Die Sprengung der Kocherbrücke ging ursprünglich auf Hitlers „Nero“-Befehl vom 19. März 1945 zurück, laut dem alle für den Feind nutzbaren Einrichtungen auf dem Rückzug zerstört werden sollten.
Nachfolgend werden die einzelnen Kampftage in Oedheim geschildert, beginnend mit dem Ostersonntag, 1. April 1945:
Der 1. April, Ostersonntag
Durchmarschierende Soldaten der Wehrmacht und Volkssturm-Männer machen Rast im Dorf, nachdem sie schon tagelang unterwegs waren. Sie waschen sich und richten wieder ihre Montur so gut es eben geht, danach geht es wieder weiter. Der Geschützdonner wird immer lauter, feindliche Flugzeuge, auch die der Aufklärer, sind ständig bedrohlich über uns. Wegen Stromausfall kann die Alarmsirene auf dem Rathausdach nicht geschaltet werden. Immer mehr und emsiger richten sich die Leute zum Überleben in Kellern und Bunkern ein. Auch während des Gottesdienstes am Ostermorgen waren noch Sprengungen zu hören, die noch auf dem in Auflösung begriffenen Flugplatzbetrieb vorgenommen wurden. Umso mehr fing die Oedheimer Bevölkerung an, sich dort zu bedienen. Das heißt, es wurde dort alles geholt, was nicht niet- und nagelfest war. Besonders die großen Berge von Flugzeugschrott aus abgeschossenen deutschen und feindlichen Jagd- und Bombenflugzeugen wurden nach Wertstoffen – Leder, Gummi und Buntmetallen – durchsucht. Hubert Herold fertigte kurz nach Kriegsende übrigens Schuhe für Männlein und Weiblein aus ebendiesem Material. Auch Strohschuhe wurden gefertigt für diejenigen Leute, welche nicht in der glücklichen Lage waren, solch kostbares Gut wie Leder und Gummi zu besitzen.
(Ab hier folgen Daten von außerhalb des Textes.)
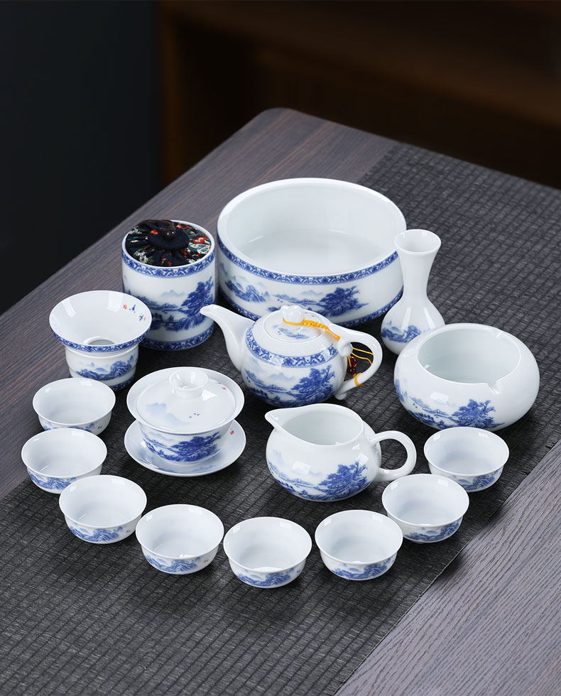 MULTIPOTENT YQ-TJ-ZTCJ-202104-01 16头 整套茶具白瓷溪山访友 白色(单位:套)
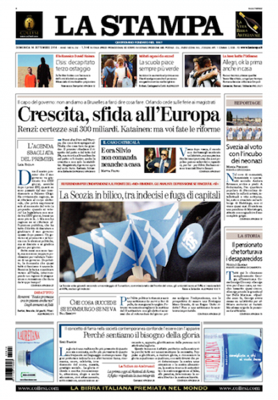 Corriere della Sera e Repubblica hanno scelto di mettere in apertura in prima pagina la notizia della decapitazione di David Haines, un cooperante britannico, da parte dello Stato Islamico. La Stampa dedica alla vicenda un boxino in alto a sinistra e apre con l’atteggiamento del governo di Matteo Renzi nei confronti delle politiche economiche europee. Avvenire e alcuni giornali locali mettono in prima pagina il Papa e un suo nuovo messaggio pacifista. I giornali sportivi raccontano le vittorie di Juventus e Roma rispettivamente contro Udinese ed Empoli. Spariglia il Secolo XIX, con una prima pagina interamente dedicata alla mostra sui pittori messicani Frida Kahlo e Diego Rivera, che apre a Palazzo Ducale a Genova il 20 settembre.

Die Dorfjugend indes war darauf aus, Leuchtspurpistolen zu finden sowie säckeweise die dazu passende Leuchtspurmunition in den Farben gelb, rot und grün. Damit ließen sich wunderschöne Spiele durchführen, jedoch auch sehr gefährliche. Davon später ausführlich. Die Buntmetalle, wie Kupfer, Messing, Silber- und Platinlegierungen wurden gegen Ende des Krieges bis lange noch nach dem Kriege mehr oder weniger illegal gesammelt und verhökert. Manche machten sich geradezu einen Sport daraus.